WASSERMAN SCHULTZ: Well, the number one thing right now that I know she is concentrating on is making sure that we can get Florida and Michigan's delegates seated at the convention and make sure that our votes are counted. You know, you cannot select the Democratic nominee based on the votes from 48 states, 45 states. It's got to be a selection from all 50 states. You know, that's how we do - we conduct elections in America.

And I think it's really disappointing that Barack Obama spoke to 15,000 Floridians today within the state and said absolutely nothing about whether he thinks Florida's delegation should be seated. In fact, he's never said from his mouth that Florida's delegation should be seated at the convention, and that's incredibly disappointing. We are the biggest swing state in.

KELLY: But what's your response to those who say — why are we arguing about this, because even if she gets - even if Florida and Michigan's delegates get seated, it doesn't change the horserace, he still has this thing locked up but for the superdelegates?
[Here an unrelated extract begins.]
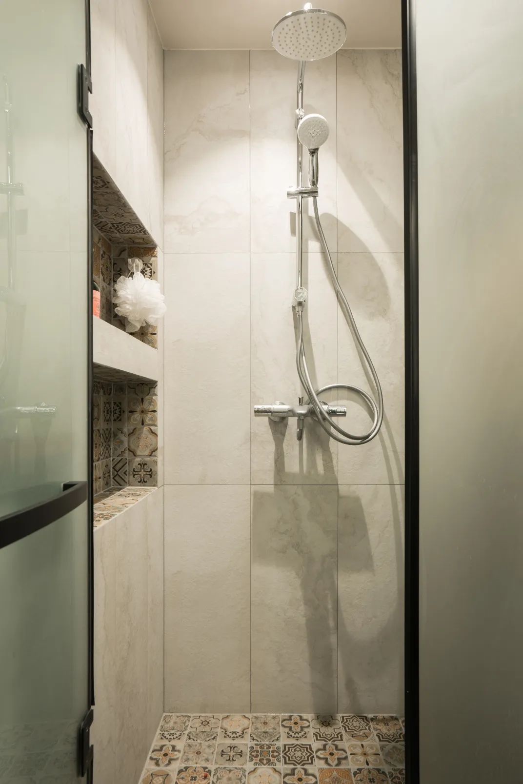 淋浴区用磨砂玻璃隔开,保证通透性和隐私性。侧面的墙体上制作壁龛用来储物,可以放置浴球、沐浴露等杂物。

WASSERMAN SCHULTZ: We're arguing about - we shouldn't be arguing about it all. There shouldn't be any question about whether our delegation should be seated and our votes counted, especially in a state like Florida where the nerves eight years later are still incredibly raw from the recount in 2000. You know, we have to make sure that we can be - we can put Florida in play in November. And.

KELLY: Understood, congresswoman. If I can steer you back on point because you made your point about Florida. I want to ask you about Clinton, in particular, in this presidential contest because a lot of people out there scratching their heads saying — who scares in terms of the horserace, why is she pushing so hard, because it's not going to help her?

WASSERMAN SCHULTZ: Well, look, she's ahead because more Democratic voters in this country have voted for Hillary Clinton than in any — for any presidential candidate in American history, and because that matters. And there are still superdelegates in play, because, you know, we can argue about what's mathematically possible, but there are still two states and Puerto Rico that have left - have yet to vote.

And we've got to make sure that this primary race plays itself out and that every voter has an opportunity to weigh in. She feels a responsibility to those voters to make sure that she carries this contest all the way through.

KELLY: Yes. It was interesting to hear her talked about going all the way to the convention today. It made headlines here, at least.

Congresswoman Debbie Wasserman Schultz, thanks so much for coming on.

WASSERMAN SCHULTZ: Thank you. Thanks for having me.